I was hoping I could get some advice on a new gaming rig that I want to build. The main usage will be gaming, school (It/Networking) , and Gaming with some major media power housing going on.
A Key! feature that I am trying to integrate is to have a bootable win7 on a ssd, with also a seprate bootable ssd running lion OSX. It can be done but it needs high end hardware that accepts both os's. That is more a hobbists goal but we will see how attainable per dollar amount it really is.
In the attached file I created a spreadsheet with all the pertint info. Please feel free to comment on any piece of hardware as I am buying in 3 months thanks guys.

P.s. I am also going for a major OC'ing machine hence the oc gear... I wont be doing really heavy stuff that should warrant all the water cooling, but I do plan to run crossfire and multiple screens for gaming and within a few years they will step it up into multiple core gaming so I want to be ready for the future... what if a game makes use of all my 8 cores...hmmm well I want that power to be there so its more for future growth than it is going cooler crazy thanks!:comp:
 

Attachments

  • Gaming PC Rig.xls
    524 KB · Views: 29
First of all, AMD's Bulldozer series is inferior to the Sandy Bridge platform. Sandy Bridge outperforms it, is cheaper, and draws a LOT less power and outputs a LOT less heat. As a result, high end cooling isn't necessary at all. Even putting it under liquid nitrogen only gets 200-300Mhz more then what you get on a pretty good air heatsink. My advice is to ditch the WC for now.

Personally, I (shoot me) prefer OSX for general web browsing. However, when I looked into a Hackintosh, it's just not worth the trouble.
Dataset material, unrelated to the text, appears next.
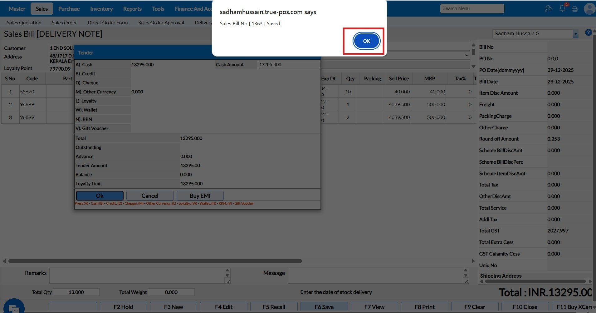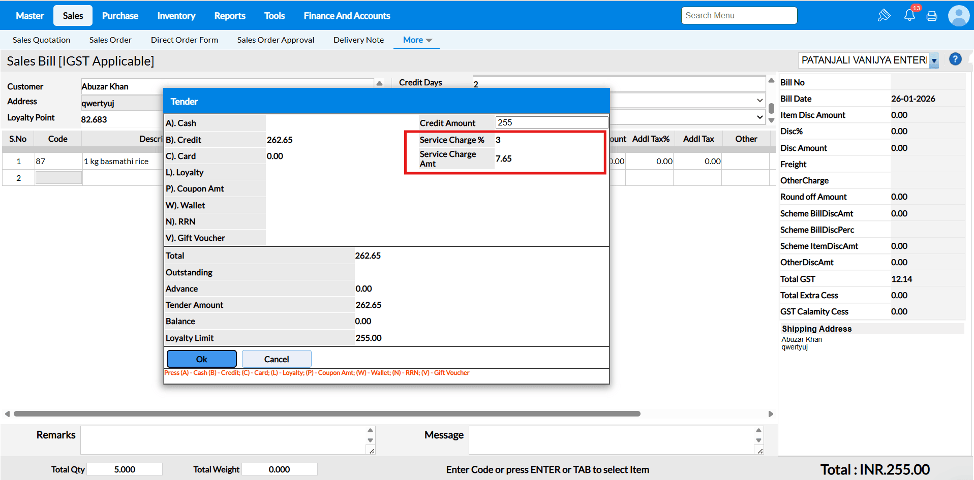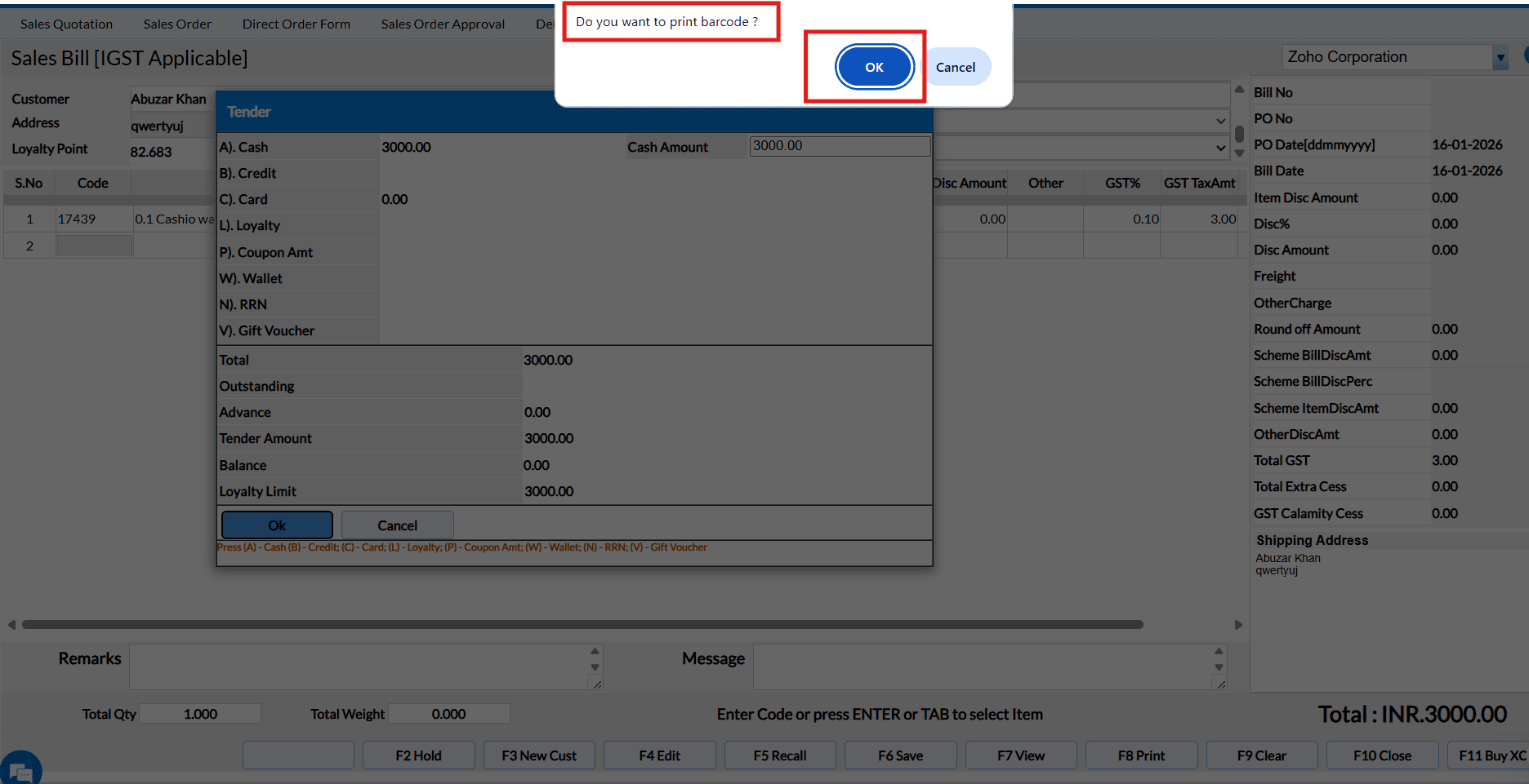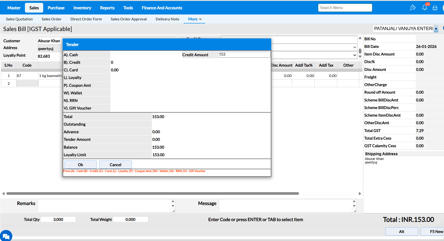 Tender screen will appear while saving the Sales Order

Maybe if you want to build the computer SOLELY for the purpose of running a Hackintosh, but if you're trying to combine it with a gaming build, it's just not worth it.

By the way, a 6870 is a very "mid-range" GPU, not really high end by any standard. High end GPUs run close to $500.

Also, you probably won't get much feedback here about the water cooling. The people knowledgeable about that often hang out in the water cooling section of the forum. They also need very specific information about your parts in order to help, so your best plan of action is splitting the budget. Dedicate a certain amount to the gaming rig itself, a certain amount to the watercooling loop. Figure out what hardware you want, and then focus on the water loop.

And if you're buying in three months, you will probably be buying CPU, motherboards, and GPUs that don't actually exist at the moment. Technology is fast moving market. Planning now really doesn't offer you that much of a benefit since almost everything will change in three months.